Hlengani J.
Siweya
* and
Peter
Letsoalo

Faculty of Science and Agriculture, University of Limpopo, Private Bag X1106, Sovenga, 0727, South Africa. E-mail: Hlengani.Siweya@ul.ac.za; Peter.Letsoalo@ul.ac.za

Received
21st January 2014
, Accepted 21st April 2014

First published on 21st April 2014

This study investigated whether formative assessment is a predictor of summative assessment in a university first-year chemistry class. The sample comprised a total of 1687 first-year chemistry students chosen from the 2011 and 2012 cohorts. Both simple and multiple linear regression (SLR and MLR) techniques were applied to perform the primary aim of the research. In order to apply the above mentioned techniques, a selection criterion was executed on the 1687 sample, after which 1519 cases remained for the analysis. The study revealed a statistically significant SLR model, suggesting that formative assessment (FA) can, at 45.4% (that is R^{2} = 0.454) level of accuracy, predict the summative assessment (SA) of students in a university first-year chemistry class. Furthermore, the results of two MLR models discovered that SA can be predicted by using theory marks at 57.1% (that is R^{2} = 0.571) level of accuracy, and average semester test marks at 59.4% (that is R^{2} = 0.594) level of accuracy. The aforementioned domino effects suggest that the semester tests marks are more efficient, among other marks, in predicting the SA marks of students in a chemistry department at a South African traditional university; accordingly recommends that more effort be made in preparing students for their semester marks. In addition the study found that of the 1519 students who had the 40% subminimum entry requirement for summative assessment, 765 (51.4%) passed the summative assessment, that of the 277 whose formative assessment mark was between 40% and 49% (both inclusive), 6 (2.2%) passed the summative assessment, that of the 1208 whose formative assessment mark was at least 50%, 725 (60%) passed the summative assessment and, finally, that of the 34 students whose formative assessment mark was at least 75% only 8 were able to retain their grades. Overall, linear regression and probability analyses suggest that FA does predict the SA mark, but it is best when the AVRSEMT mark is used.

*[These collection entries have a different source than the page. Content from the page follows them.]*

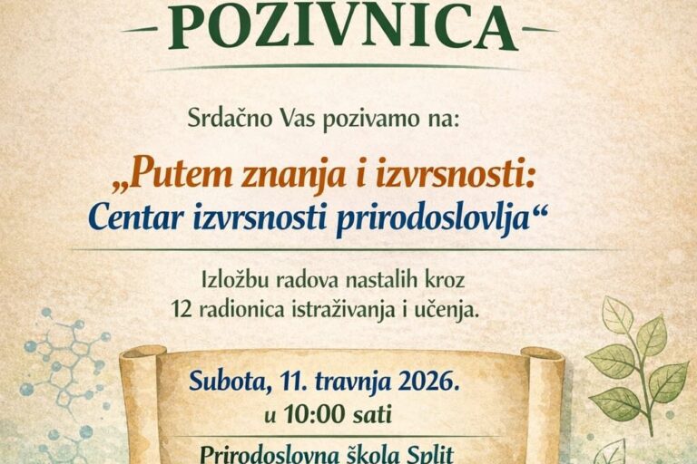 Projektni dan Centra izvrsnosti prirodoslovlja održat će se u Prirodoslovnoj školi Split u subotu, 11.…
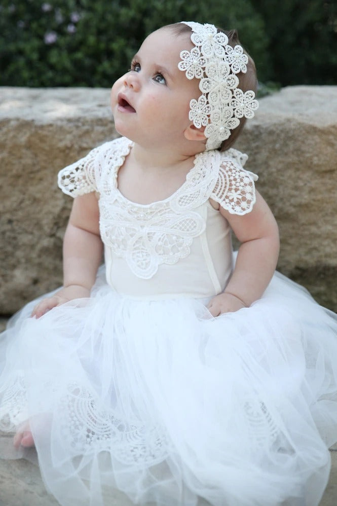 Cute Toddler White Flower Girl Dress with Patched Lace
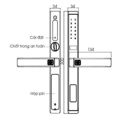 – Kích thước khóa: 34xH300 mm
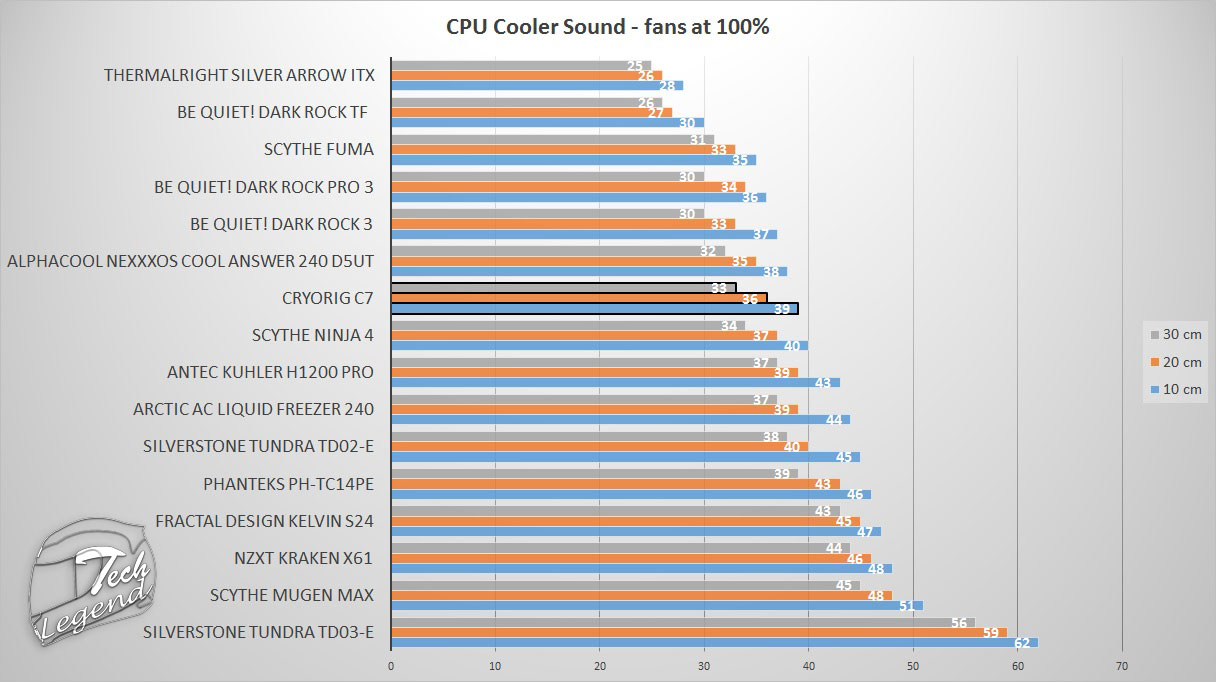 The cooler was tested with the CPU at the default turbo frequency of 3.9 GHz and overclocked to 4.5 GHz with a core voltage of 1.187 V.

For these and other reasons, we compared formative and summative marks of first-year chemistry students over a period of two years: from a sample of 1519 first-year chemistry students of the 2011 and 2012 cohorts at the university where the study was conducted, 37% and 32% of these respective cohorts had formative assessment marks of at least 50% but failed to acquire the subminimum† of 40% in the summative assessments (see Fig. 1).

First-year chemistry at the university consists of two modules which are basic requirements for all students who are registered for a first science degree in the Physical Sciences and Life Sciences streams, they are also prerequisites for most of the modules that are compulsory in this degree. In this connection, it would be interesting from an academic point of view on the one hand, and faculty management point of view on the other, to know whether or not the performance of first-year chemistry students in formative assessment can be used to predict their performance in the summative assessment, as well as to know the correlation strength between students' formative assessments and their summative assessments in a chemistry department at a traditional‡ South African university.

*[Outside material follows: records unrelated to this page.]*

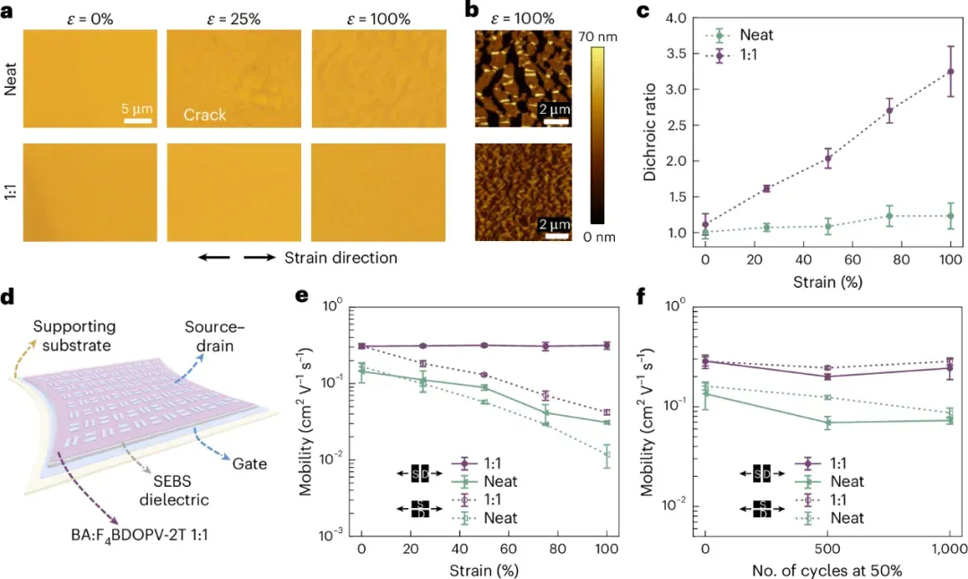 图 3 聚焦于全可拉伸N型半导体薄膜及晶体管的力学与电学性能测试。图a通过光学显微镜观察发现,支撑在PDMS基底上的纯F4BDOPV-2T薄膜在25%应变即出现裂纹,而BA:F4BDOPV-2T 1:1薄膜在100%应变下仍无可见裂纹。图b的AFM高度图进一步确认,经历100%应变后,纯膜出现1-2微米宽的裂纹导致薄膜不连续,而1:1交联膜仍保持纤维网络的连通性。图c的偏振光谱二色性比测试表明,1:1薄膜随应变增加至100%呈现近乎线性的二色性比增长,说明应变能通过聚合物链沿拉伸方向排列而耗散;相反纯膜因裂纹产生而几乎无链排列。
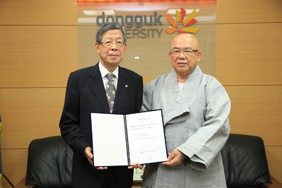 지난 14일 오후 4시, 원산스님은 동국대 김희옥 총장을 방문해 건학108주년 기념관 건립을 위해 사용해 달라며 1억 원을 전달했다.
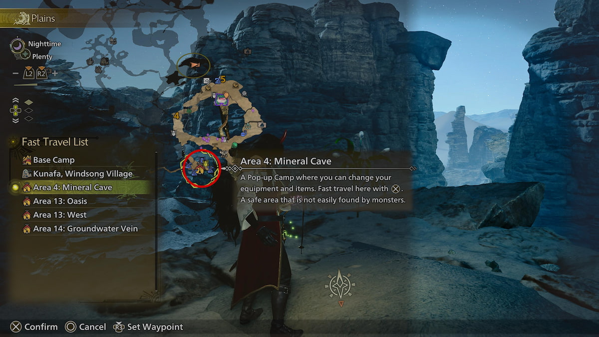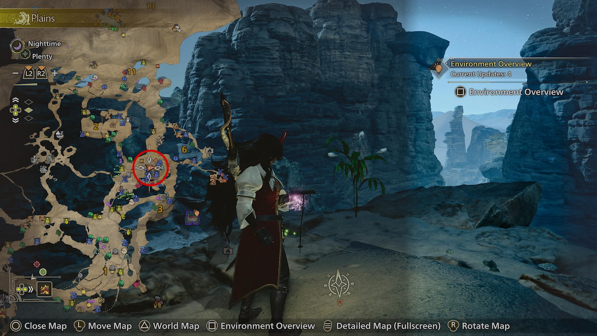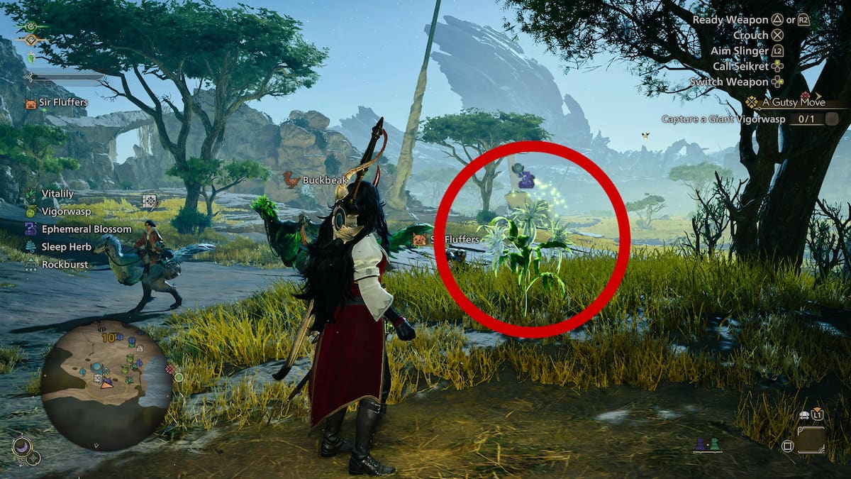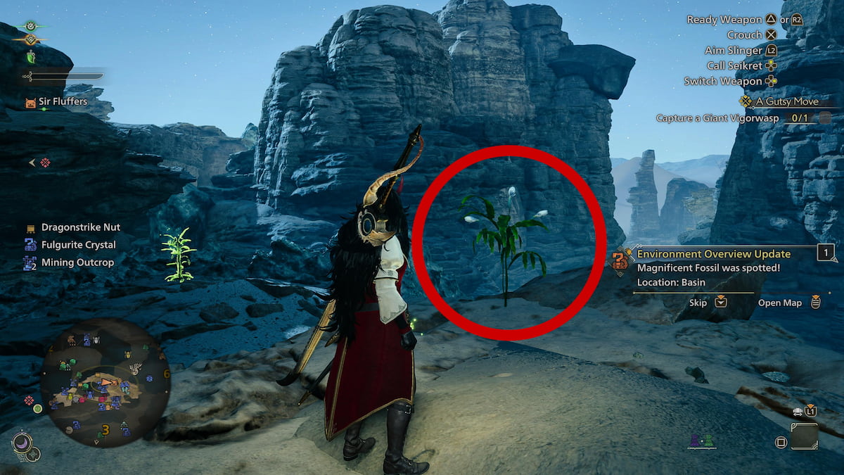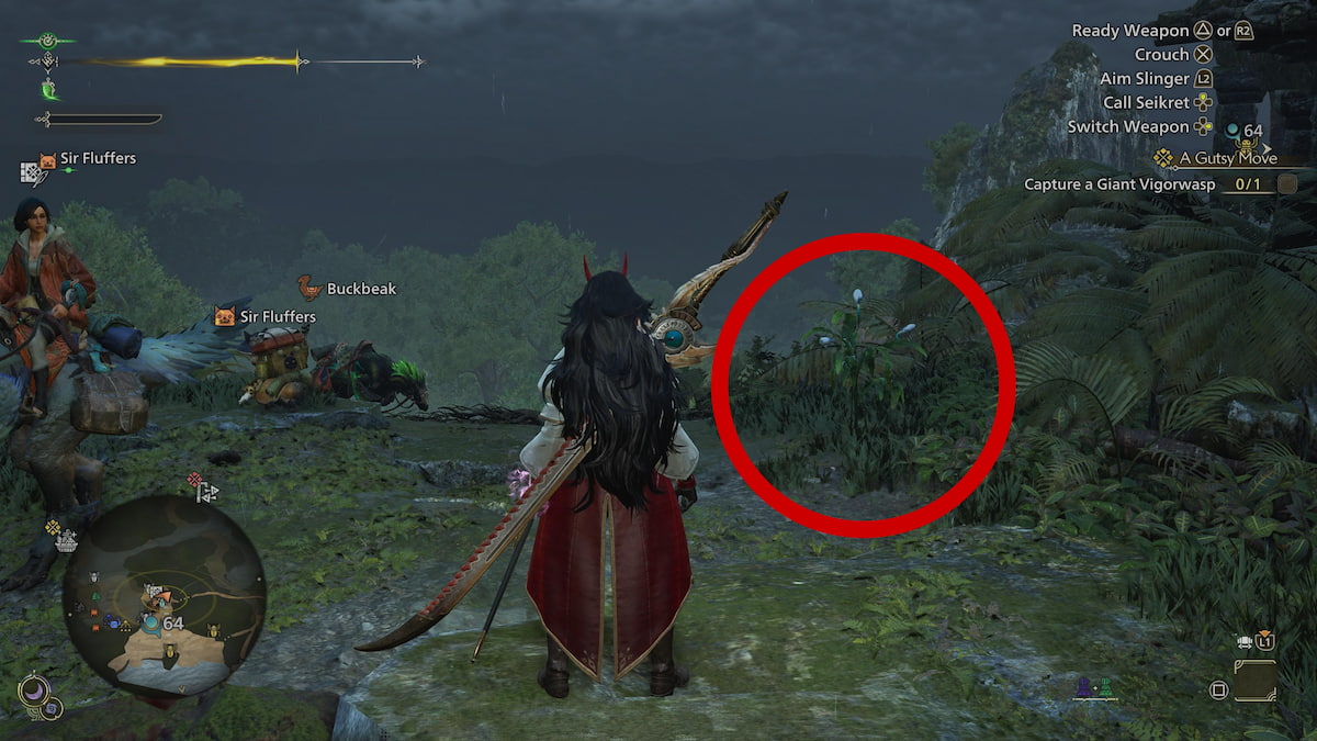 在區域 3 的頂部,您會發現夜花花粉位置。前往區域 4(礦物洞穴快速旅行效果最好)並使用您的 Seikret 爬得更高。利用一些藤蔓到達較高的區域,您會在一些採礦露頭附近找到花粉。
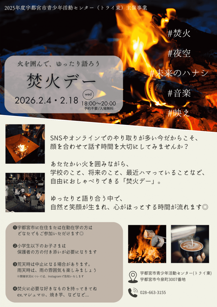 焚火を囲みながらあたたかな時間を過ごしませんか?焙煎を趣味とするスタッフによるコーヒー&ココアの提供・トライカフェでのマシュマロの販売もございます!ぜひお立ち寄りください(^^♪

In this study, we understand summative assessment to be taken at the end of the module, so it is expected to be based on and to cover all the topics outlined in a module: it is an end-of-the module examination. Unlike formative assessment, summative assessment is not used to inform learning by students but rather to inform the lecturer and the department whether or not the student has acquired enough knowledge to have passed the module and thereby declared competent. According to Taber (2003), summative assessments “are intended to test how well candidates know (can recall, apply and explain) their science”. In this study, we follow Ussher and Earl (2010) and Taras (2005) in that every “…process of assessment leads to summative assessment, that is, a judgement which encapsulates all the evidence up to a given point. This point is seen as a finality at the point of judgement”. For that reason, “summative assessments happen too far down the learning path to provide information” to the department for it to provide remedial interventions during the course of the teaching and learning of the module as is the case with formative assessment (see Garrison and Ehringhaus, 2007).

The second semester first-year chemistry module students take General Chemistry 1B and their competence is judged on them proving competence in the atomic and electronic structure, chemical bonding, intermolecular attractions and liquids and solids, alkanes, alkenes and alkynes, and alkyl halides, alcohols, aldehydes and ketones, acids and derivatives, aromatics, amines and conformational analysis.

FA = Theory mark + AVRPT mark |

Although the data indicates how many semester tests were written it does not specify how many practical tests, assignments and tutorial tests were written by students (see Table 1). The data show only the AVRPT, average assignments and/or tutorial tests (AVRATT) for every student.

Year | Semester | Number of assessments | ||
---|---|---|---|---|

Semester tests | AVRPT | AVRATT | ||

2011 | 1st | 4 | 1 | 1 |

2nd | 4 | 1 | 1 | |

2012 | 1st | 3 | 1 | 1 |

2nd | 4 | 1 | 1 |

(a) written all semester tests;

(b) obtained at least a mark for AVRPT, obtained at least a mark for AVRATT and obtained a subminimum of 40%.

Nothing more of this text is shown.